Directions: In the listing beneath this line, copy exactly the lines starting with the one containing "Prov. | Comu. |" and going on through the one containing "Wrapped in a".

Information supplied:
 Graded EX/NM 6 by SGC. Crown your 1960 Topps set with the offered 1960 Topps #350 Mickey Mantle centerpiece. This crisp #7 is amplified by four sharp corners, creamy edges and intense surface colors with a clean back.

...

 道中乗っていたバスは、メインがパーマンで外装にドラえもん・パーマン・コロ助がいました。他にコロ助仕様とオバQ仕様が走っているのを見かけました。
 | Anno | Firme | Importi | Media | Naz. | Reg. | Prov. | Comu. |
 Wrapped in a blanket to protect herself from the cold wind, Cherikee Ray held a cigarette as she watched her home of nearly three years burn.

--

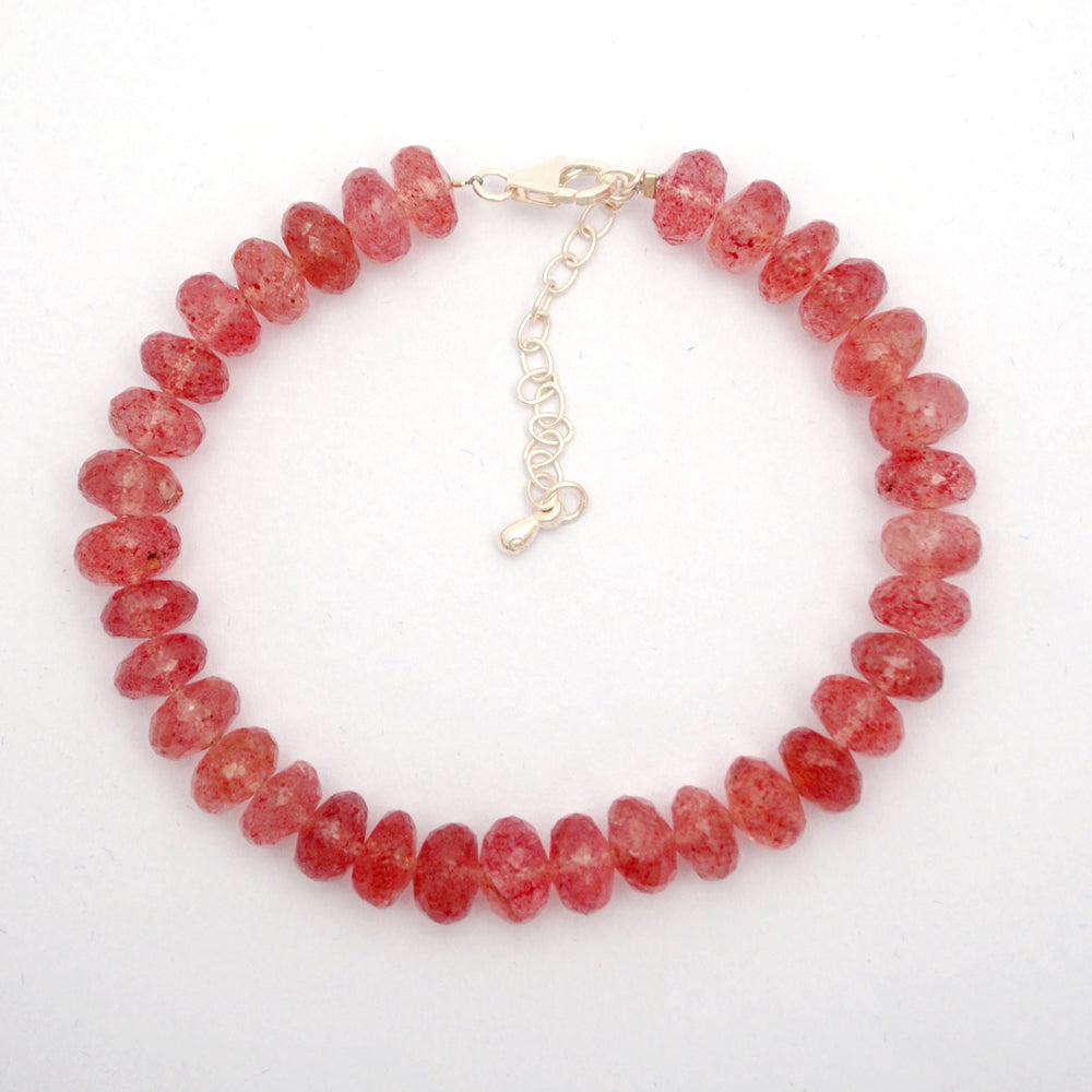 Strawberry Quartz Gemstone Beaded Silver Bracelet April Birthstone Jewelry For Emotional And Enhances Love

Solution to this exercise:
 | Anno | Firme | Importi | Media | Naz. | Reg. | Prov. | Comu. |
 Wrapped in a blanket to protect herself from the cold wind, Cherikee Ray held a cigarette as she watched her home of nearly three years burn.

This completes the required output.